Предвестники викингов. Северная Европа в I-VIII веках - Александр Хлевов
Шрифт:
Интервал:
Надпись Хлевагаста, сына Холтеса, на роге из Галлехус
Именно в сочетании трудносочетаемого — пережитков глубокой древности, органично вплетенных в строй современной раннесредневековой жизни, мы должны видеть своеобразие и силу этого культурного целого. Скандинавское общество было ничуть не менее, а во многих сферах более развито, чем любое общество христианской Европы. Располагая технологиями судостроения (лучшими в мире) и оружейного дела (оружие вендельского времени находится на уровне европейских стандартов, а мечи в эпоху викингов везли из-за границы в первую очередь потому, что захват трофеев или покупка были рентабельнее собственного производства), скандинавы обеспечивали военно-техническое превосходство. Скудость средств существования определялась климатом и ландшафтом, а не отсталостью агрикультурных технологий (всякая выживающая и продолжающая существовать цивилизация адекватна самой себе и не может быть подвергнута сравнительной оценке). Что же касается сферы духа, то процветающая и яркая скандинавская художественная культура ничуть не уступает синхронной островной, не говоря о континентальной. В области же мифогенезиса, словесного и эпического творчества преимущества языческого Севера очевидны настолько, что не нуждаются даже в расшифровке. Кроме унылого переписывания считанных экземпляров церковной литературы, то есть глубоко чуждого по букве и духу для основной массы населения наследия абсолютно чужой и для римлян, и для кельтов, и тем более для германцев культурной традиции — механического воспроизводства и сохранения численно ограниченной «элитой духа» чужого наследия — Европе нечем похвалиться.
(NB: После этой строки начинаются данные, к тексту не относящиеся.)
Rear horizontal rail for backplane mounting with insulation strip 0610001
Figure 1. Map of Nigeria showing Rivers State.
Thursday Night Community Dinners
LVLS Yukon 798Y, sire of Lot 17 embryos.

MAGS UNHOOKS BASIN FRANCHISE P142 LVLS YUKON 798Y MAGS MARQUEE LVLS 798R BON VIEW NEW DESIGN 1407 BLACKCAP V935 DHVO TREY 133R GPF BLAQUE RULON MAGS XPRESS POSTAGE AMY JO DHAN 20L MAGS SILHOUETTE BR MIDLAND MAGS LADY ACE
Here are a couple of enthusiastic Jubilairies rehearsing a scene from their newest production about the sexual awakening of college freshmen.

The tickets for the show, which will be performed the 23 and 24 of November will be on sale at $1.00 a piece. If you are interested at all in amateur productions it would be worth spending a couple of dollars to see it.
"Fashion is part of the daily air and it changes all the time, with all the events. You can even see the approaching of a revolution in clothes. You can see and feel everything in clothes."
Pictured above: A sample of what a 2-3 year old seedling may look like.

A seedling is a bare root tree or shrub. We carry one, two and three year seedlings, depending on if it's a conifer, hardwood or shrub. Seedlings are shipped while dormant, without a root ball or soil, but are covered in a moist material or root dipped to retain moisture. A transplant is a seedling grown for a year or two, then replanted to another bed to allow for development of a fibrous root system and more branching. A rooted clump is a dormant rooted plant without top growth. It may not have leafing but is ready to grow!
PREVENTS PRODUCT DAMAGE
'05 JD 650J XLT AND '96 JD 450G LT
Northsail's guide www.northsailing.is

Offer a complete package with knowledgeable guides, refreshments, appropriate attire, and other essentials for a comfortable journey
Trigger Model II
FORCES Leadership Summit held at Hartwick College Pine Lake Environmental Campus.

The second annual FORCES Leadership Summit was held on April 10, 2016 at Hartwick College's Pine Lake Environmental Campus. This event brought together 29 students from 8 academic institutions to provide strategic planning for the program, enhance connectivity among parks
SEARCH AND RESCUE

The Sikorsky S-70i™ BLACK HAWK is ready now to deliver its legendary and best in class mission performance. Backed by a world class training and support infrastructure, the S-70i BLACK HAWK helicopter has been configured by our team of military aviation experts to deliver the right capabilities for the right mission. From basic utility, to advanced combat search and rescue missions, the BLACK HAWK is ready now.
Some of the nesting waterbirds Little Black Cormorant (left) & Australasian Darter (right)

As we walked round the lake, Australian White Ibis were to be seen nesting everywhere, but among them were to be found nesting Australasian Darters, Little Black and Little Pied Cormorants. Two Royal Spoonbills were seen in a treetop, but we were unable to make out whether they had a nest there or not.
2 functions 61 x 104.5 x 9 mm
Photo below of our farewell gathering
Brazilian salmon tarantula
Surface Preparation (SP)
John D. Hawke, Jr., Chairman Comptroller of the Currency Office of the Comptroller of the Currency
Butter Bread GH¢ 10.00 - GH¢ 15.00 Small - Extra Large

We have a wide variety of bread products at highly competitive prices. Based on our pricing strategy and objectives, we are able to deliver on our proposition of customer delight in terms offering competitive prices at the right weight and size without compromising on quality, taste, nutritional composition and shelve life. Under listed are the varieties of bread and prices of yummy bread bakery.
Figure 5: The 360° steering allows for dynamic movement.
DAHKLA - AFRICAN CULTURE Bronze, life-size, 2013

На этом фоне расцвет язычества в Скандинавии — необыкновенно яркий и насильственно прерванный несколькими веками спустя — являет собой великолепную картину.
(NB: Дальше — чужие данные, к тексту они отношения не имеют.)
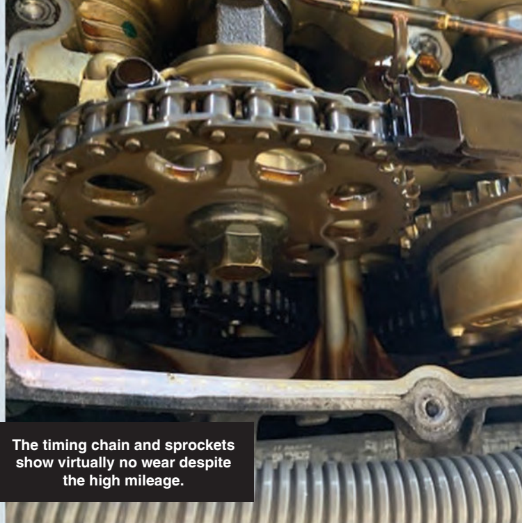
The timing chain and sprockets show virtually no wear despite the high mileage.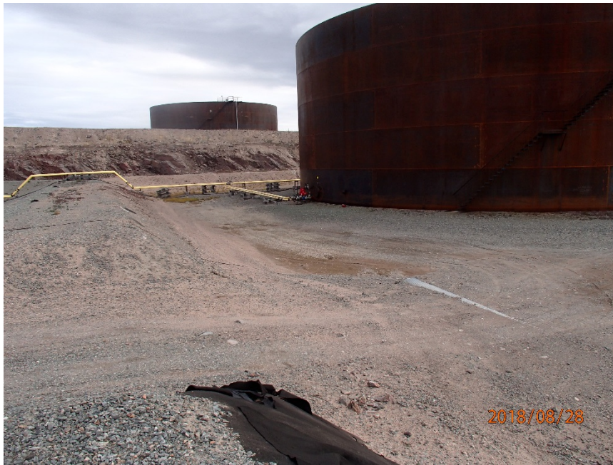
Photograph G1-7 Baker Lake Tank Farm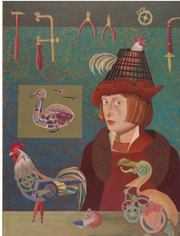
The birdcatcher, 2022 acrylic paint, 80 x 100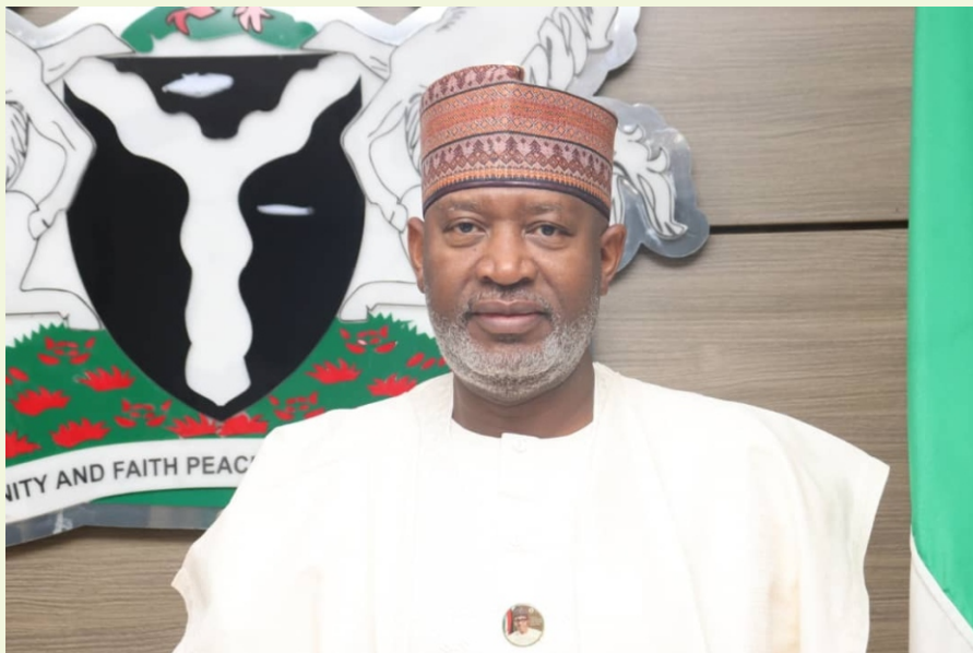
■ Minister of Aviation, Senator Hadi Sirika

In another development, since members of the Airline Operators of Nigeria (AON) issued a notice of withdrawal of flight services as a result of the rising cost of Jet A1 (Aviation fuel), and despite the initial statement by the Ministry, enquiries

В свете всего отмеченного возникает главный вопрос — каковы были границы культурных периодов, если таковые поддаются вычленению в раннескандинавской культурной истории? Как представляется, ответ на него очевиден. В рамках «эпохи Инглингов» нами выделяются следующие отчетливые промежутки, в основном совпадающие с археологической периодизацией Севера:
1. Эмиграционный период (рубеж н. э. — IV в.). Основные характеристики периода следующие. Достаточно массовый отток германского населения как из Северной Европы в Европу континентальную, так и распространение в самой Европе. В Скандинавии отсутствует избыточное народонаселение, ибо все оно вовлекается в переселенческое движение. Приток культурных импульсов нарастает, но является относительно слабым. Он выражен прежде всего римскими импортами, достигающими отдаленных уголков Севера, но влияющими на местную культуру не слишком значительно. Это в большей степени ознакомительный этап. Общество, судя по всему, в известном смысле стратифицировано — вероятно, в большей степени, чем в позднейший период. Доминирующим является архаический культурный поток, восходящий к индоевропейским праосновам, ценностям бронзового века и кельтскому культурному наследию. Стилевые традиции искусства достаточно архаичны — в их основе лежат схематические изображения людей и животных. Однако именно в этот период закладываются основы будущего своеобразия. Скорее всего начинает формироваться образ Одина, вбирающего в себя черты отдельных старых традиционных богов; с ним связано становление культа воинской «профессии» и оформление представления о диференцированном загробном мире для воинов (маркируется бурным распространением оружейных приношений в могильном инвентаре, ритуально поврежденным оружием и т. д.). В рамках периода оформляются новые тенденции в развитии судостроения, которые в дальнейшем станут меняться не столь принципиально: появляется тип северного корабля, наследующий основные формальные признаки архаических судов, но являющийся основанием семейства вполне мореходных гребных плавсредств с выдающимися характеристиками. Возникает главный этнокультурный компонент германского мира — руническая письменность, носящая преимущественно сакральный характер.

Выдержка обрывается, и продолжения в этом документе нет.